I cannot find any obvious error, so I hope the error might point to the line of code causing this issue.
/home/nvidia/.local/lib/python3.6/site-packages/torch/nn/modules/upsampling.py:129: UserWarning: nn.Upsample is deprecated. Use nn.functional.interpolate instead.
warnings.warn("nn.{} is deprecated. Use nn.functional.interpolate instead.".format(self.name))
Traceback (most recent call last):
File "min.py", line 41, in <module>
main()
File "min.py", line 38, in main
scores, classification, transformed_anchors = retinanet(batch)
File "/home/nvidia/.local/lib/python3.6/site-packages/torch/nn/modules/module.py", line 489, in __call__
result = self.forward(*input, **kwargs)
File "/home/nvidia/projects/pytorch-retinanet/model.py", line 268, in forward
transformed_anchors = self.regressBoxes(anchors, regression)
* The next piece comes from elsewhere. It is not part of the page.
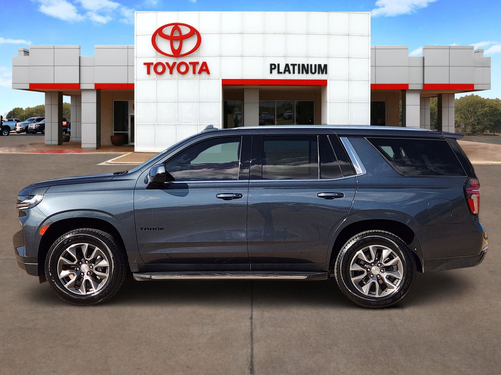 This 2021 Chevrolet Tahoe comes nicely equipped with License Plate Front Mounting Package, Preferred Equipment Group 1LT (1st & 2nd Row Color-Keyed Carpeted Floor Mats, 2 USB Data Ports, Auto-Dimming Inside Rear-View Mirror, Bright Front & Rear Door Sill Plates, Color-Keyed Carpeting Floor Covering, Driver & Front Outboard Passenger Airbags, Floor Console w/Storage Area, Hands-Free Rear Power Programmable Liftgate, HD Radio, Infotainment Display, Leather-Wrapped Steering Wheel, LED Daytime Running Lamps, Memory Settings for Driver, Remote Start, SiriusXM Radio w/360L, and Universal Home Remote), Black Leather, 10-Way Power Driver & Passenger Seat Adjusters, 2nd Row Manual Bucket Seats, 3.23 Rear Axle Ratio, 3rd row seats: split-bench, 4-Wheel Disc Brakes, 9 Speakers, ABS brakes, Air Conditioning, Alloy wheels, AM/FM radio: SiriusXM with 360L, Apple CarPlay/Android Auto, Auto High-beam Headlights, Auto-dimming Rear-View mirror, Automatic temperature control, Black Exhaust Tip (LPO), Black Name Plates (LPO), Bose 9-Speaker Stereo Audio System Feature, Brake assist, Bumpers: body-color, Compass, Delay-off headlights, Driver door bin, Driver vanity mirror, Dual front impact airbags, Dual front side impact airbags, Dual-Pane Power Panoramic Sunroof, Electronic Stability Control, Emergency communication system: OnStar and Chevrolet connected services capable, Four wheel independent suspension, Front & Rear Black Bowtie Emblems (LPO), Front anti-roll bar, Front Bucket Seats, Front Center Armrest, Front dual zone A/C, Front High-Back Reclining Bucket Seats, Front reading lights, Fully automatic headlights, Garage door transmitter, Heated door mirrors, Heated Driver & Front Passenger Seats, Heated front seats, Illuminated entry, Leather Seat Trim, Leather steering wheel, Low tire pressure warning, Memory seat, Not Equipped w/Automatic Stop/Start, Occupant sensing airbag, Outside temperature display, Overhead airbag, Overhead console, Panic alarm, Passenger door bin, Passenger vanity mirror, Power door mirrors, Power driver seat, Power Liftgate, Power passenger seat, Power steering, Power windows, Premium audio system: Chevrolet Infotainment 3, Premium Smooth Ride Suspension, Radio: Chevrolet Infotainment 3 Plus System, Rain sensing wipers, Rear air conditioning, Rear anti-roll bar, Rear reading lights, Rear seat center armrest, Rear window defroster, Rear window wiper, Remote keyless entry, Roof rack: rails only, Security system, Set of 4 Wheel Locks (LPO), Speed control, Speed-sensing steering, Split folding rear seat, Spoiler, Steering wheel mounted audio controls, Tachometer, Telescoping steering wheel, Tilt steering wheel, Traction control, Trip computer, Variably intermittent wipers, Voltmeter, Wheels: 18 x 8.5 Bright Silver Painted Aluminum, and Wheels: 20 x 9 Painted Aluminum.

File "/home/nvidia/.local/lib/python3.6/site-packages/torch/nn/modules/module.py", line 489, in __call__
result = self.forward(*input, **kwargs)
File "/home/nvidia/projects/pytorch-retinanet/utils.py", line 105, in forward
pred_ctr_x = ctr_x + dx * widths
RuntimeError: expected type torch.cuda.FloatTensor but got torch.FloatTensor
Thanks for the information.
Could you add a print statement to BBoxTransform and check the device of these tensors?
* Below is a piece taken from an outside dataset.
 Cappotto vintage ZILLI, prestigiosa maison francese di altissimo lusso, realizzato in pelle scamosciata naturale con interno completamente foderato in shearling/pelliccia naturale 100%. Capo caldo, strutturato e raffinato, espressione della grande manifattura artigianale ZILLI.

I would assume that self.mean and self.std are not pushed to the device correctly (line of code), as they are not registered as a buffer or parameter.
Mean is of type: torch.cuda.FloatTensor
std is of type: torch.cuda.FloatTensor
But, when I run the program I get the same error message as before. I went through and checked to see if any other variables were the wrong type and found that ctr_x, ctr_y, widths, and heights were also not the correct type. By changing the device for these variables I was able to run inference.
That’s true, before I posted this I also looked through that repo for related issues and couldn’t find any. I tested this on multiple devices running different versions of pytorch and got effectively the same error on each device.